Additionally take note: Once an order-by is provided, a frame` is also implicity in action.

frame_clause is an even further reduction of the number of rows within the partition which are being considered. It filters the rows by taking them from either:

  • the begining of the result set
  • or the current row

and it takes row up to:

  • the end of the result set
  • or the current row

The rows order matter. Its the order which decides what comes first and what comes last, therefore without an order we can’t have frame.

And always remem ber as this one is not obvious and is the source of many bugs:

  • without an order, there is no frame in effect
  • with an order, there always is a frame in effect
  • if a frame is not explicitly defined, the default frame kicks in –> range between unbounded preceding and current row
  • functions like rank, nth_value care for order, but frames don’t have any effect on them

Threatening Speak: Ordering a window without defining the frame is equivalent to developing vicious and undetectable bugs.

Take a look at the break down below:

  • sum(amount) over() –> all rows
  • sum(amount) over(parition by name) –> all rows whose name matches the current rows name
  • sum(amount) over(parition by name order by id) –> all rows whose name matches the current rows name and rows are produced ordered order by id and refined by the default frame
  • sum(amount) over(parition by name order by id rows 2 preceding and 2 following) –> all rows whose name matches the current rows name and are produced order by id and refined by the provided frame of 5 rows, which are 2 following, current row and 2 preceding

frame_caluse loos like:

  • {range rows} frame_start
  • {range rows} between frame_start and frame_end

rangs and rows

  • if you write rows, then the meaning of current row is actually the current row
  • if you write range then the meaning of current row is actually the peer rows, where peer rows are defined as all the rows who have the same value the frame window is being sorted on.
  • if you write range and use current row for frame_end then it means the last row of the peer rows
  • if you write range and use current row for frame_start then it means the first row of the peer rows

fram_start and frame_end

values for frame_start and fram_end can be:

  • unbounded preceding –> says start from the first row
  • N preceding –> says start from N rows before current row
  • current row –> says start/end at current row
  • N following –> says end at N rows after current row
  • unbounded following –> says end at the last row

you have 3 choices with them:

  • if you dont write either of them. that is don’t define either a start or an end. Then it means –> start in the begning and end at current row. Remember meaning of current row here is subject to wether rows or range was used.
  • if you write just start part, then it means –> start where you specified and end at current row. This is because when you dont define frame_end, it means current row
  • if you write both start and end the it means –> start at part 1 and end at part 2

In all cases keep in mind that meaning of current row will change between current and peer row depending on usage row and range respectively

A wierd case here is if you write - rows current row. Since only item is given, then the rule is start where specified and end at current row. So its the same as saying rows between current row and current row. This is basically just 1 row.
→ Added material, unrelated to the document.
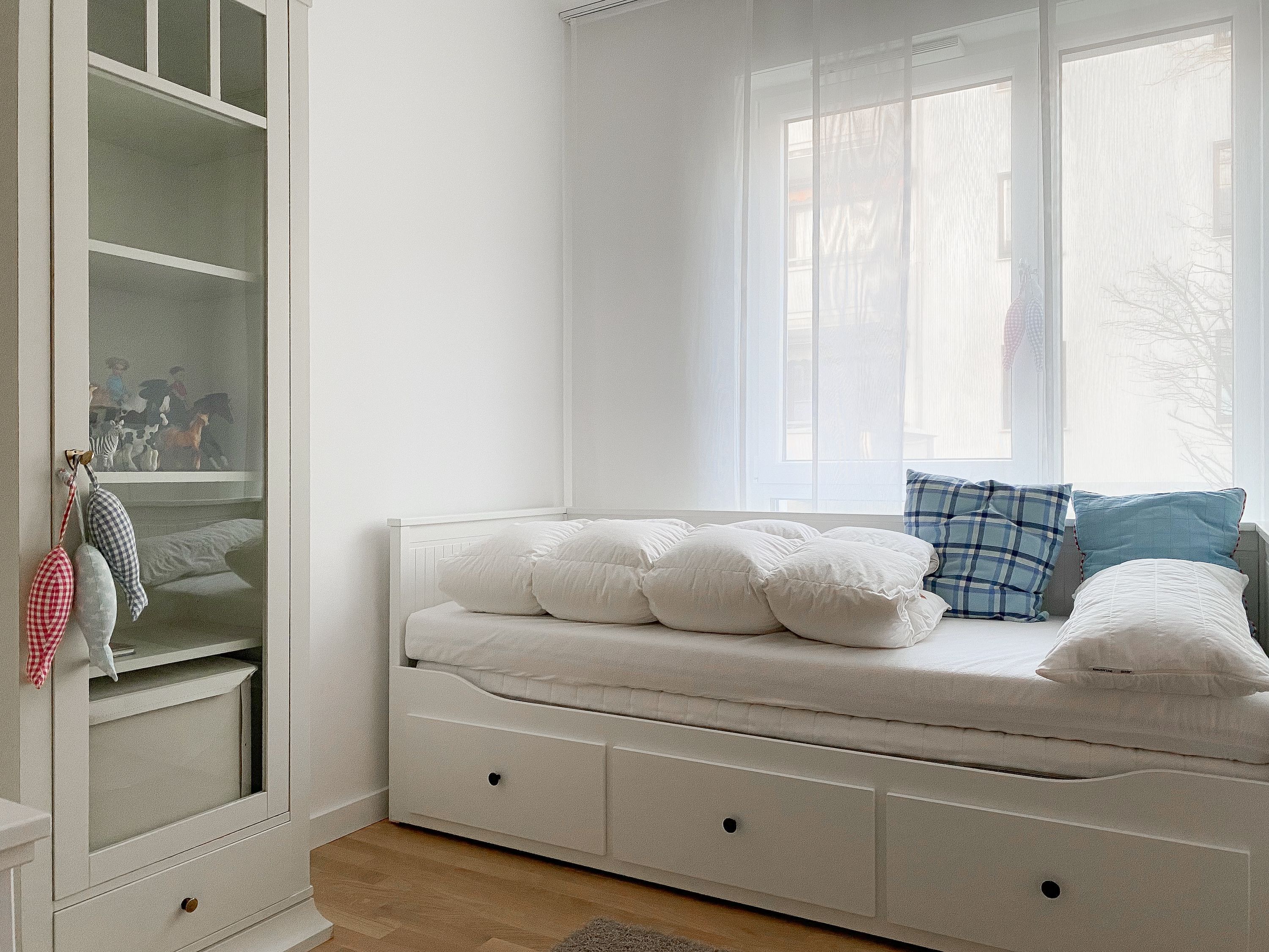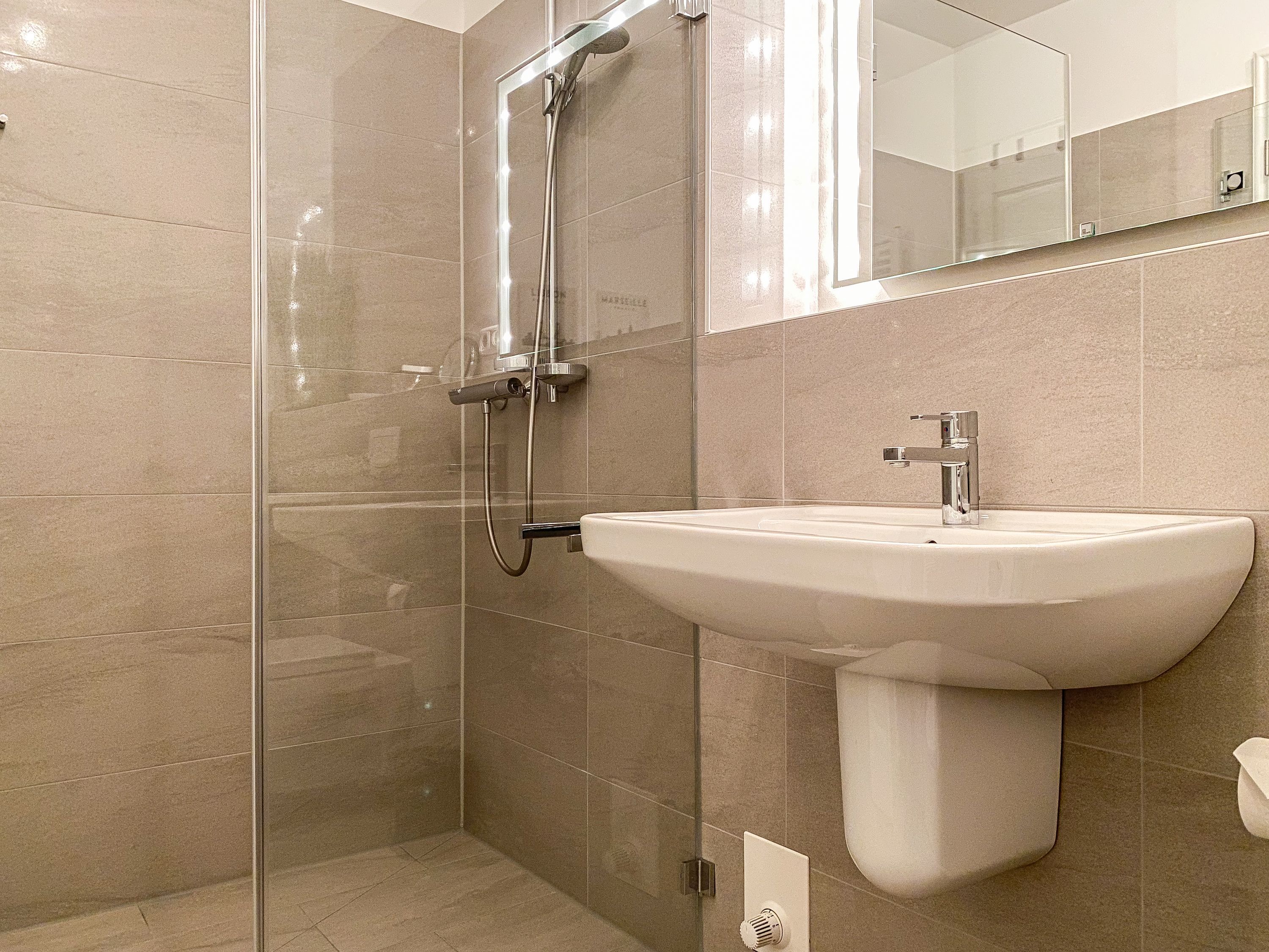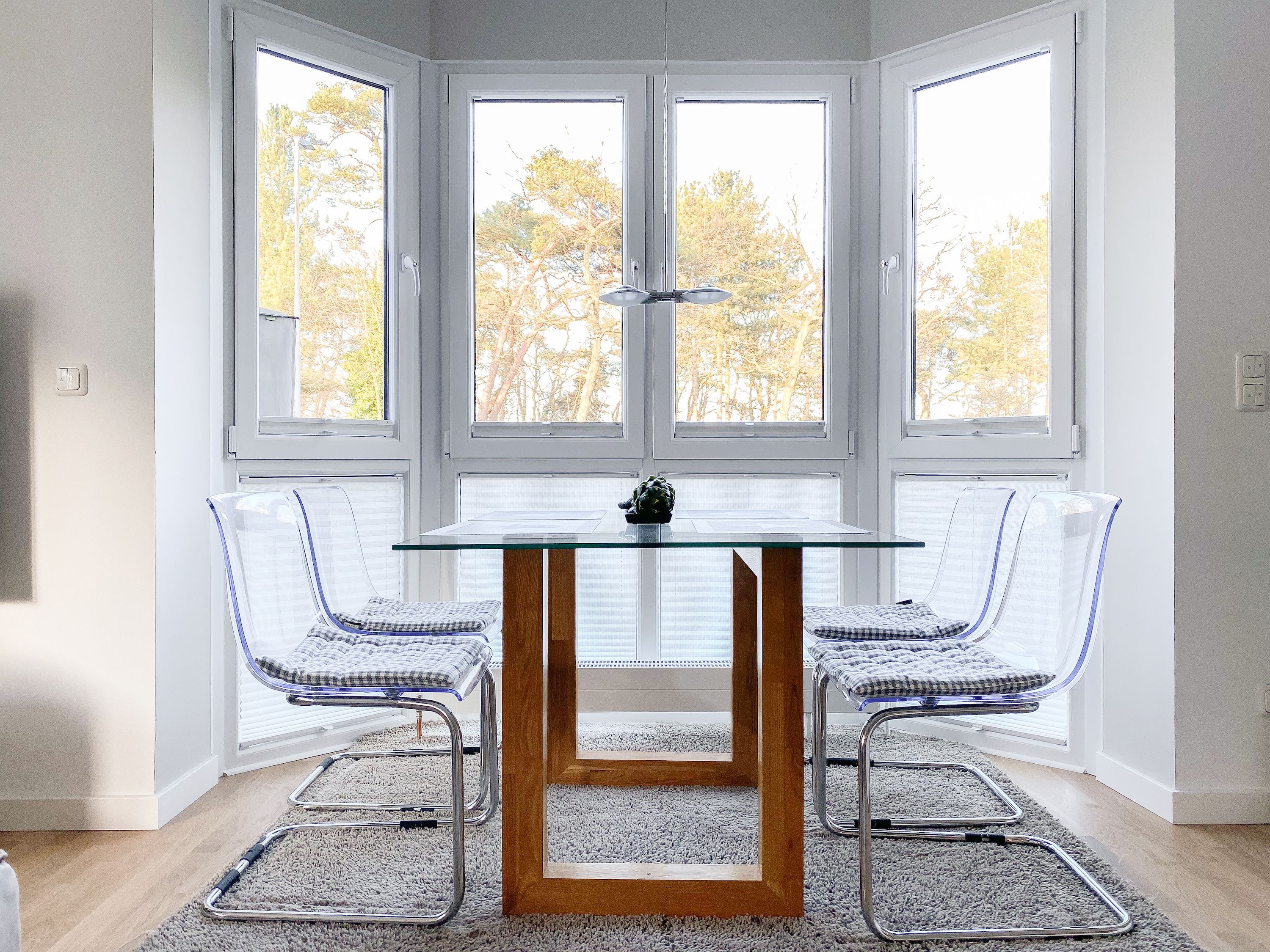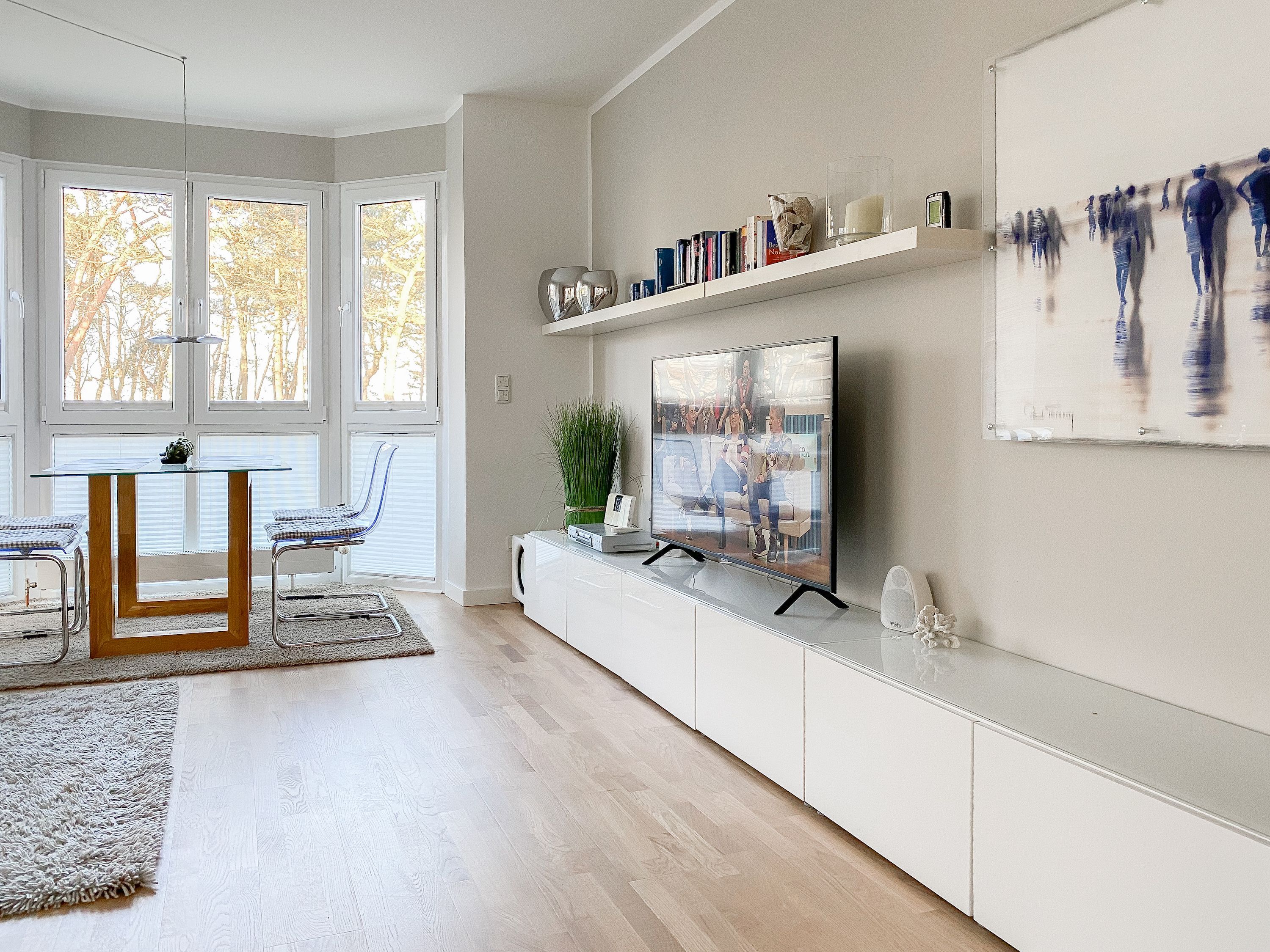Die moderne, geschmackvoll eingerichtete Wohnung verfügt über einen großzügigen Wohnbereich mit angrenzendem Essbereich und schönem Blick durch den gegenüberliegenden Park bis zur Ostsee. Die Räumlichkeiten sind hell und freundlich dank bodentiefer Fensterelemente, die alle mit elektrischen Außenjalousien versehen sind. Die offene, hochwertige Einbauküche ist bestens ausgestattet und verfügt über alle technischen Geräte. Es stehen zwei separate Schlafzimmer zur Verfügung. Eines ist mit einem komfortablen Doppelbett (180x200) ausgestattet, das Kinderzimmer verfügt über zwei Einzelbetten. Im modernen Bad mit großzügigem, ebenerdigen Duschbereich und Fußbodenheizung sind auch Waschmaschine und Trockner untergebracht. Ein separates Gäste WC steht ebenfalls zur Verfügung. Zwei große Terrassen, ausgestattet mit Gartenmöbeln und Strandkorb, eignen sich hervorragend zum Entspannen.

And its counter part which is a bit less wierd is to set a range between current row and curren row. In this case it could be 1 row or multiple, depending on how peer rows exist

select *,
count(*) over (partition by name range between current row and current row)
from items;
"id","name","amount","count"
2,"car",20,2
4,"car",100,2
3,"food",50,2
1,"food",10,2

Lets do some more examples. Lets consider the case when no frame is defined

select *,
sum(amount) over (order by name),
sum(amount) over (order by name range between unbounded preceding and current row)
from items;
"id","name","amount","sum","sum"
2,"car",20,120,120
4,"car",100,120,120
1,"food",10,180,180
3,"food",50,180,180

keep in mind that if order by was not present, then default will be all rows as current row will be last row of peer and peer will all rows

e.g.

select *,
sum(amount) over (),
sum(amount) over (range between unbounded preceding and current row)
from items;
"id","name","amount","sum","sum"
1,"food",10,180,180
2,"car",20,180,180
3,"food",50,180,180
4,"car",100,180,180

saying just start

select *,
sum(amount) over (order by name rows unbounded preceding),
sum(amount) over (order by name rows between unbounded preceding and current row)
from items;
"id","name","amount","sum","sum"
2,"car",20,20,20
4,"car",100,120,120
1,"food",10,130,130
3,"food",50,180,180

saying both start and end

select *,
sum(amount) over (order by name rows between unbounded preceding and 1 following)
from items;
"id","name","amount","sum"
2,"car",20,120
4,"car",100,130
1,"food",10,180
3,"food",50,180

Usage of Range vs Row changes the meaning of current row:

  • In Row mode, current row means literally the current row
  • In Range mode, current row means all peer rows which share the same value as seen by the order by operator

e.g.

select *,
sum(amount) over (order by name range between current row and current row),
sum(amount) over (order by name rows between current row and current row)
from items
"id","name","amount","sum","sum"
2,"car",20,120,20
4,"car",100,120,100
1,"food",10,60,10
3,"food",50,60,50

A practical use case for range:

You want a running sum, of sales per day. so your order by day. but now you have multiple sales per day. so your running sum will increase with every sale within that day. but you just want the sum for that day. solution would be to use range over rows and sort in such a way that the 2 rows of the same day get same value for sorting.

window_name looks like:

window foo as (partition by name)

e.g. lets get the minimum and maximum of each group

select *,
min(amount) over win_by_name,
max(amount) over win_by_name
from items
window win_by_name as (partition by name);
"id","name","amount","min","max"
2,"car",20,20,100
4,"car",100,20,100
3,"food",50,10,50
1,"food",10,10,50

This is a nice short-hand, especially usefult when using the same window clause accross multiple functions as it can reduce typos.

Kinds of Window Functions

There are two kind of window functions:

  • General Purpose Window Functions –> These are unique to window functions and wont work without a window specified. Some of them work over the entire window and some only work over a frame of the window.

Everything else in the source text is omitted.